_Problem to work on_
A word-for-word copy of the listing is what's needed; leave out every image.

===== Collected material

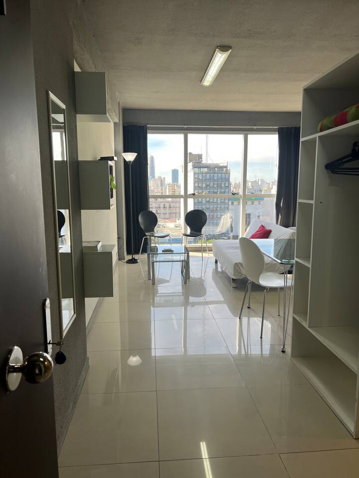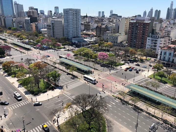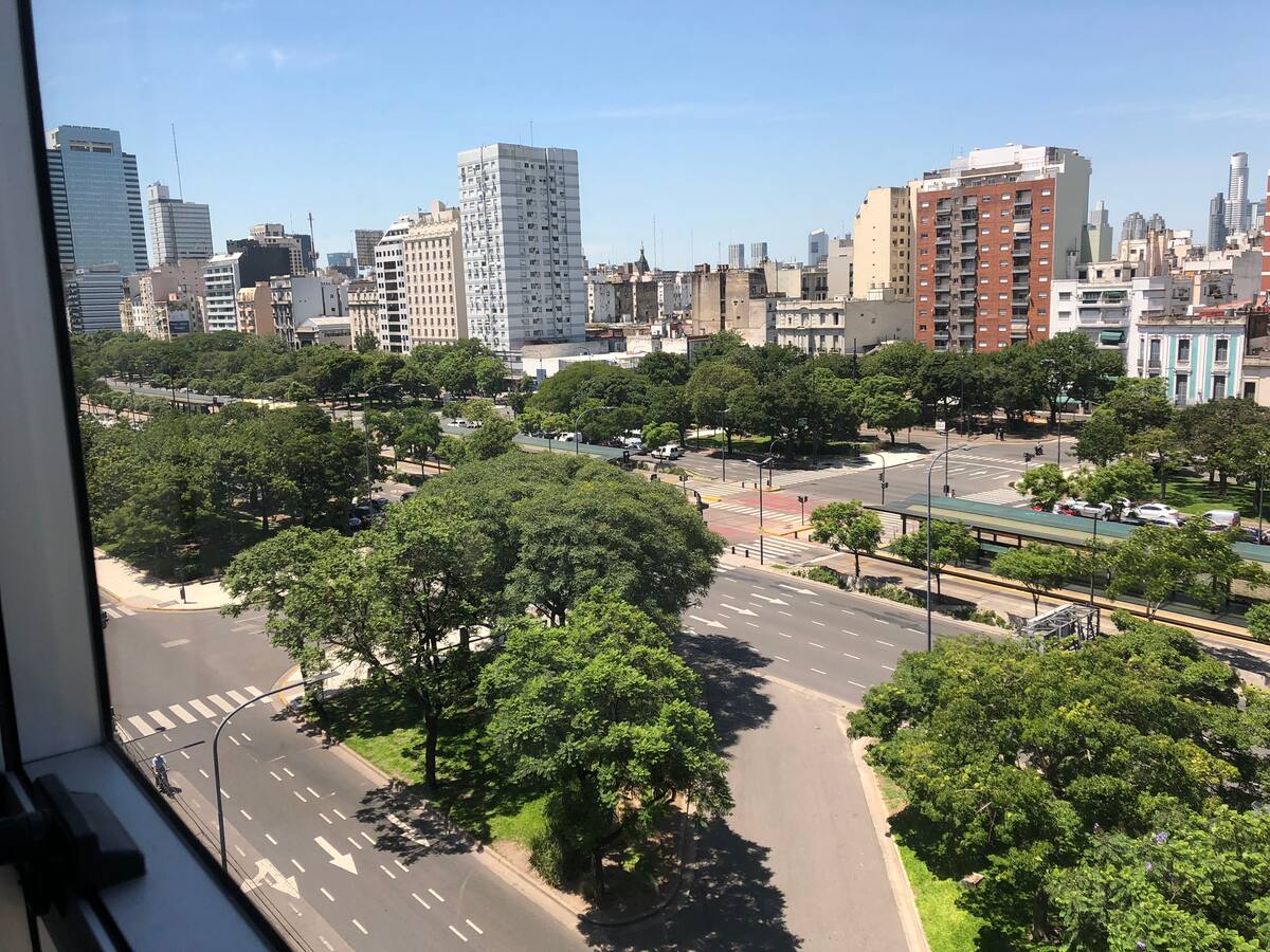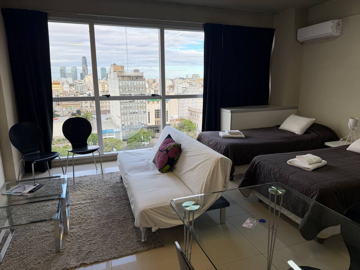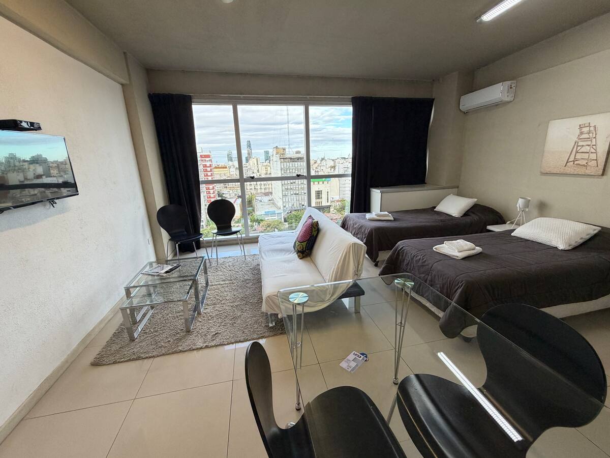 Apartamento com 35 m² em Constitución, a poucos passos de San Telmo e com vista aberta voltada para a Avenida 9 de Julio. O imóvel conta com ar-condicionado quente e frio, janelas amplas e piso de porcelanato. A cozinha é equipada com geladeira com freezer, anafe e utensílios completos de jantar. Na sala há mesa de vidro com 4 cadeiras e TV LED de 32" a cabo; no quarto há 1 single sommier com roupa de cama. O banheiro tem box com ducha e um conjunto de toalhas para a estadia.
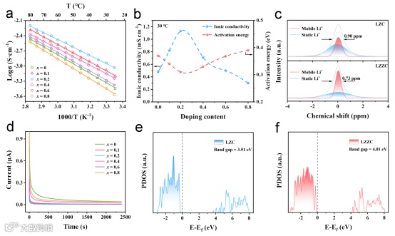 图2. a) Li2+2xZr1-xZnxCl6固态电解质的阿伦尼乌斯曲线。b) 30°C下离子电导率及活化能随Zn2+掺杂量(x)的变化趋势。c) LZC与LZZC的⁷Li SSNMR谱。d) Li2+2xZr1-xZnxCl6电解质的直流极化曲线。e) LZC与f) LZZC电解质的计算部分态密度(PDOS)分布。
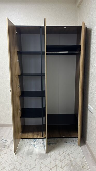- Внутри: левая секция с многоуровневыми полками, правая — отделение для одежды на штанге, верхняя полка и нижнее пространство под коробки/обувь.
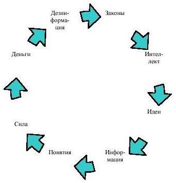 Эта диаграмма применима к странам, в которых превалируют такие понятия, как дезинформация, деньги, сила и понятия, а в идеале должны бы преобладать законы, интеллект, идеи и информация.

==========

_Answer section_
 Apartamento com 35 m² em Constitución, a poucos passos de San Telmo e com vista aberta voltada para a Avenida 9 de Julio. O imóvel conta com ar-condicionado quente e frio, janelas amplas e piso de porcelanato. A cozinha é equipada com geladeira com freezer, anafe e utensílios completos de jantar. Na sala há mesa de vidro com 4 cadeiras e TV LED de 32" a cabo; no quarto há 1 single sommier com roupa de cama. O banheiro tem box com ducha e um conjunto de toalhas para a estadia.
 图2. a) Li2+2xZr1-xZnxCl6固态电解质的阿伦尼乌斯曲线。b) 30°C下离子电导率及活化能随Zn2+掺杂量(x)的变化趋势。c) LZC与LZZC的⁷Li SSNMR谱。d) Li2+2xZr1-xZnxCl6电解质的直流极化曲线。e) LZC与f) LZZC电解质的计算部分态密度(PDOS)分布。
- Внутри: левая секция с многоуровневыми полками, правая — отделение для одежды на штанге, верхняя полка и нижнее пространство под коробки/обувь.
 Эта диаграмма применима к странам, в которых превалируют такие понятия, как дезинформация, деньги, сила и понятия, а в идеале должны бы преобладать законы, интеллект, идеи и информация.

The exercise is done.